TORONTO, ONTARIO–(Marketwired – March 23, 2017) –
THIS PRESS RELEASE IS NOT FOR DISTRIBUTION IN THE UNITED STATES OR OVER U.S. WIRE SERVICES
LOGiQ Asset Management Ltd. (TSX:LGQ) (the “Manager“) and Aston Hill Corporate Funds Inc. announced today that, as a result of proposed amendments to the Income Tax Act (Canada) (the “Tax Act“) announced in the Federal Budget on March 22, 2017 (the “Proposed Amendments“), there will be certain changes to the proposed merger announced in their press release dated March 15, 2017 entitled “Proposed Mergers and Special Meetings” (the “March 15 Press Release“) in respect of the corporate class funds of Aston Hill Corporate Funds Inc. The proposed merger of Aston Hill Canadian Total Return Fund and Aston Hill U.S. Conservative Growth Fund into Aston Hill Total Return Fund announced in the March 15 Press Release is not affected by the Amendments and the special meeting of unitholders of such funds will proceed as previously announced.
The Proposed Amendments propose to amend the Tax Act such that a mutual fund corporation comprised of one or more corporate classes may merge into multiple mutual funds trusts on a tax-deferred basis.

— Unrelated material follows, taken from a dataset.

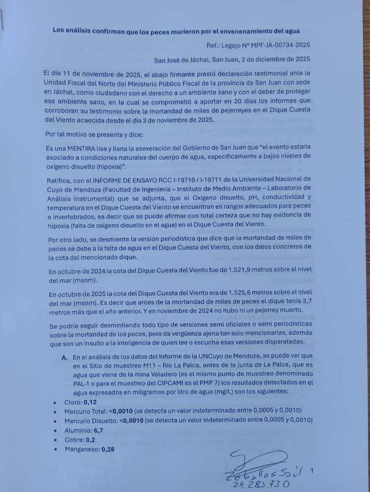 Es importante aclarar que los análisis adjuntados como prueba ante la Fiscalía de Jáchal, en el legajo Nº MPF-JA-00734-2025, son producto de las muestras que se tomaron el día 7 de noviembre por la UNCuyo.
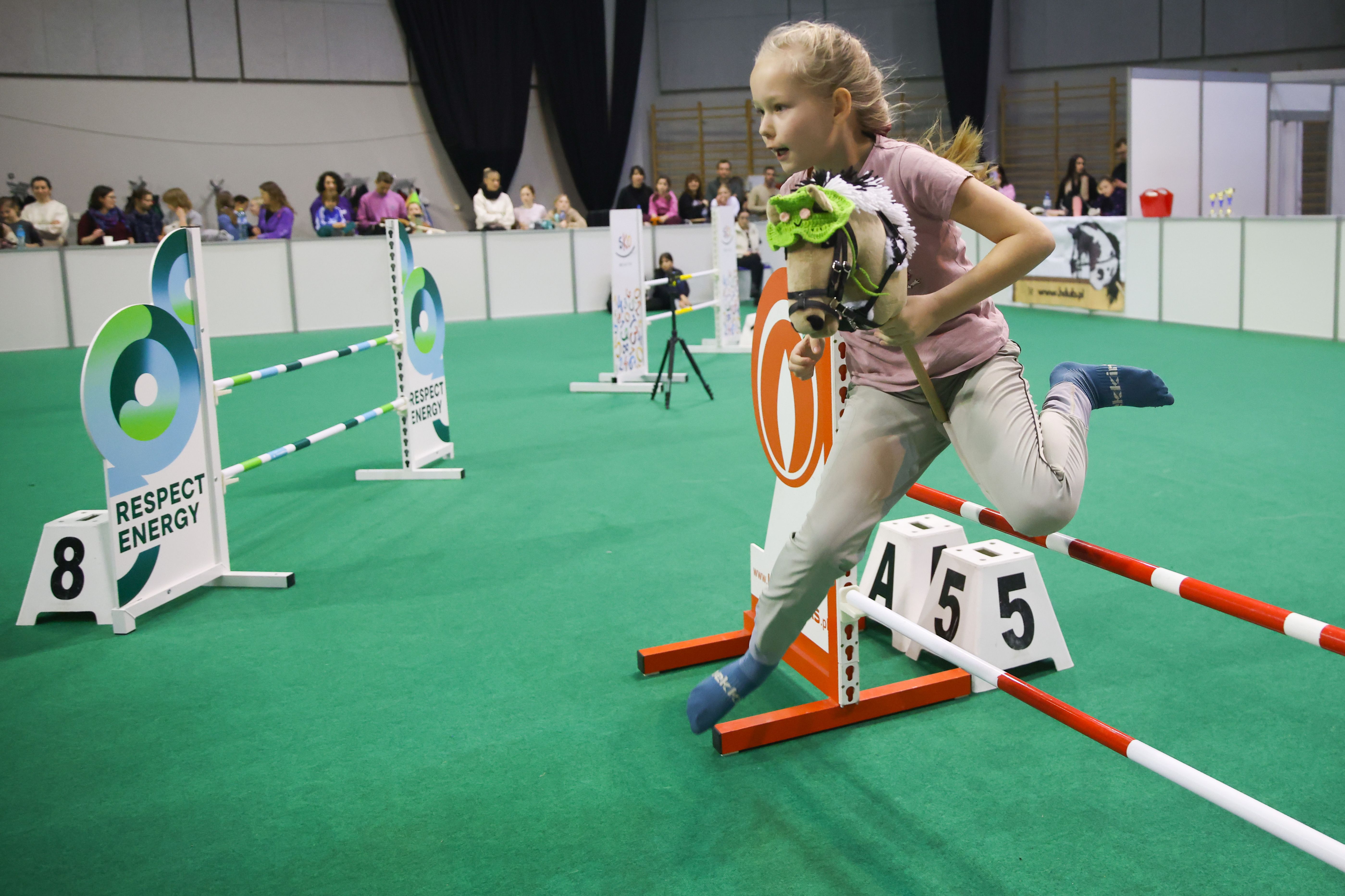 A competitor jumps while taking part in Hobby Horse competition during Cavaliada Tour, the largest series of indoor equestrian competitions in Poland, held at TAURON Arena venue in Krakow, on February 23rd, 2025. (Photo by Beata Zawrzel/NurPhoto/Rex Features/Shutterstock)

As a result of the Proposed Amendments, the special meeting of the holders of each series of shares (collectively, the “Shareholders“) of Aston Hill High Income Class, Aston Hill Strategic Yield Class and Aston Hill Total Return Class (collectively, the “Terminating Funds“) announced in the March 15 Press Release will be cancelled and the proposed merger of the Terminating Funds into Aston Hill Strategic Yield Fund will not proceed.
Instead, the Manager plans to proceed with the proposed mergers (the “New Mergers“) of each of the Terminating Funds into its corresponding trust (collectively, the “Continuing Funds“) as follows:
Terminating Funds | Continuing Funds |
Aston Hill High Income Class | Aston Hill High Income Fund |
Aston Hill Strategic Yield Class | Aston Hill Strategic Yield Fund |
Aston Hill Total Return Class | Aston Hill Total Return Fund |
Shareholders will, on the effective date of the applicable New Merger, receive units of such series of the corresponding Continuing Fund equivalent to the series of shares held by the Shareholder in a Terminating Fund. The number of units of a series of a Continuing Fund received will be determined by multiplying the number of shares of the applicable series of a Terminating Fund held by the Shareholder at the close of business prior to the effective date of the applicable New Merger by an exchange ratio (which will be equal to the net asset value per series of shares of such Terminating Fund on the business day prior to the effective date of such Merger, divided by the net asset value per the equivalent series of units of the applicable Continuing Fund, on such date).
The Manager will provide Shareholders with 60 days’ written notice of the New Mergers, which are expected to occur on or about May 31, 2017.